The policeman emerged from the attack unscathed, saved from serious injury or worse by his bulletproof vest, Interior Minister Gerald Darmanin said.

The assailant suffered life-threatening injuries after he was shot by other officers.

The Algerian national held an Italian residency permit, was in France legally and was not on a French watchlist of individuals thought to have Islamist sympathies, the minister said.

“I think that we can today sigh with relief that, although they have been hit hard psychologically, no police officer has been injured,” Darmanin told reporters in Cannes.

The attack comes as President Emmanuel Macron tries to persuade voters that his government is in control of security and violent crime, six months before elections in which the far right and conservatives pose the biggest threat to his re-election hopes.

Eric Ciotti, a conservative lawmaker from southeastern France, who is challenging for the mainstream center-right presidential ticket, called the incident a terrorist attack though he did not offer any evidence for that.

The investigation is in the hands of the local prosecutor for now and not the national anti-terrorism prosecutor.
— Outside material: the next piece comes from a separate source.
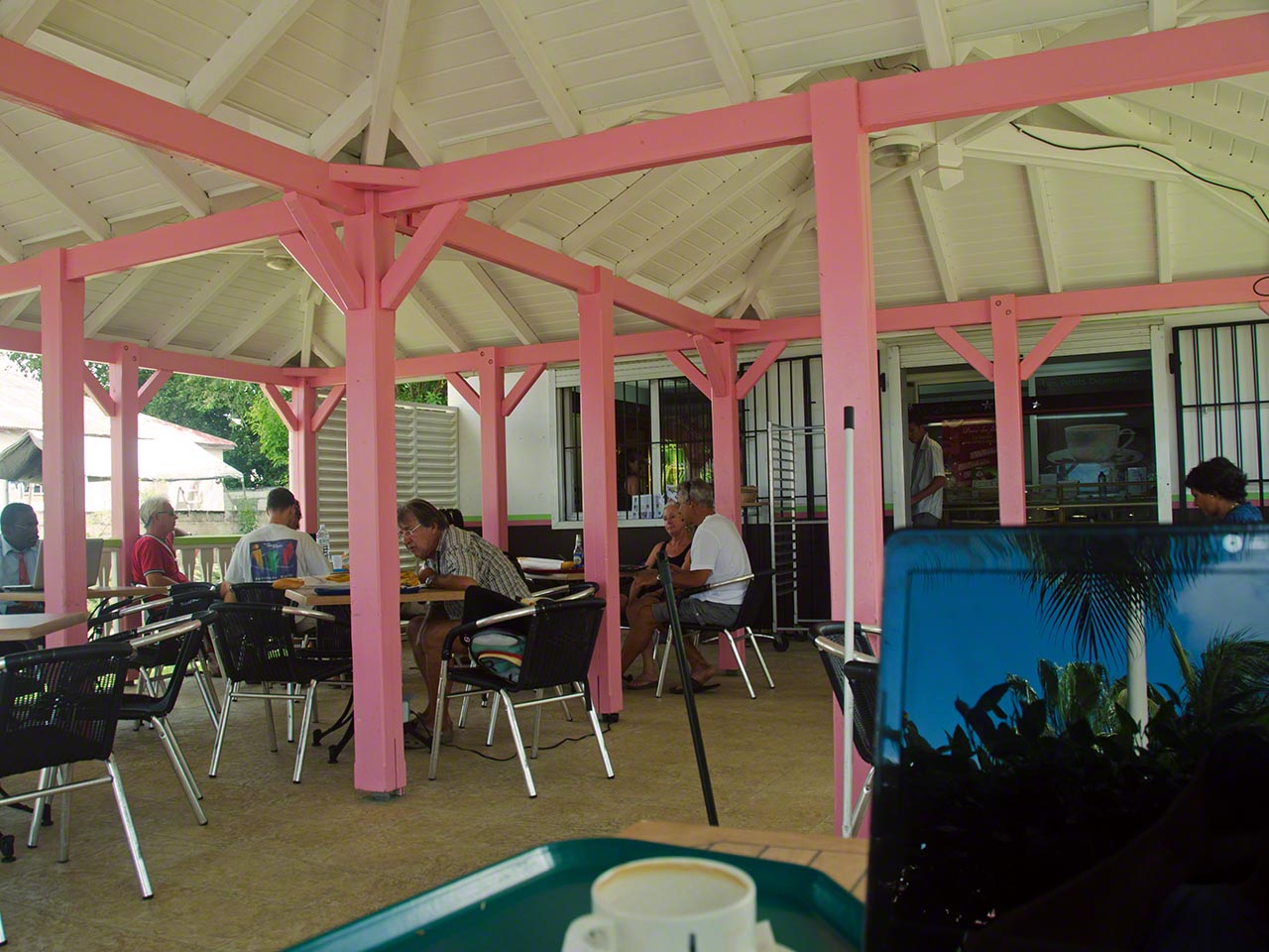 After a bit of shopping at Island Waterworld, then Electec we had a bit of food and drink at the newly refurbished Lagoonies – a new wooden roof ensure that everything and everyone will stay dry during passing rain showers. After Lagoonies we drove past the dive shop and thence to Bobby’s Marina where Duncan had gotten word of a spare part for his Perkins diesel engine; unfortunately the part was almost the right one and we made a final stop at the sunset bar to watch a couple of jets takeoff and land before returning to Grand Case

Darmanin said it was too early to know the suspect’s motive.

Cannes Mayor David Lisnard said the incident was “sickening.”

Cannes is a glitzy Mediterranean resort popular with celebrities and tycoons, and which hosts the annual Cannes Film Festival.

The attacker opened the door of a police car parked in front of a police station and stabbed the officer at the wheel.

He then tried to attack a second policeman in the vehicle but a third opened fire, seriously wounding the assailant.

BFM TV and Nice Matin newspaper cited a police source as saying the suspect said he had carried out the attack “in the name of the Prophet” Mohammad, hinting at possible Islamist militant links.

The attack coincides with the trial of Salah Abdeslam, the only surviving member of a Daesh cell that carried out gun-and-bomb attacks on entertainment venues in Paris in November 2015, killing 130 people.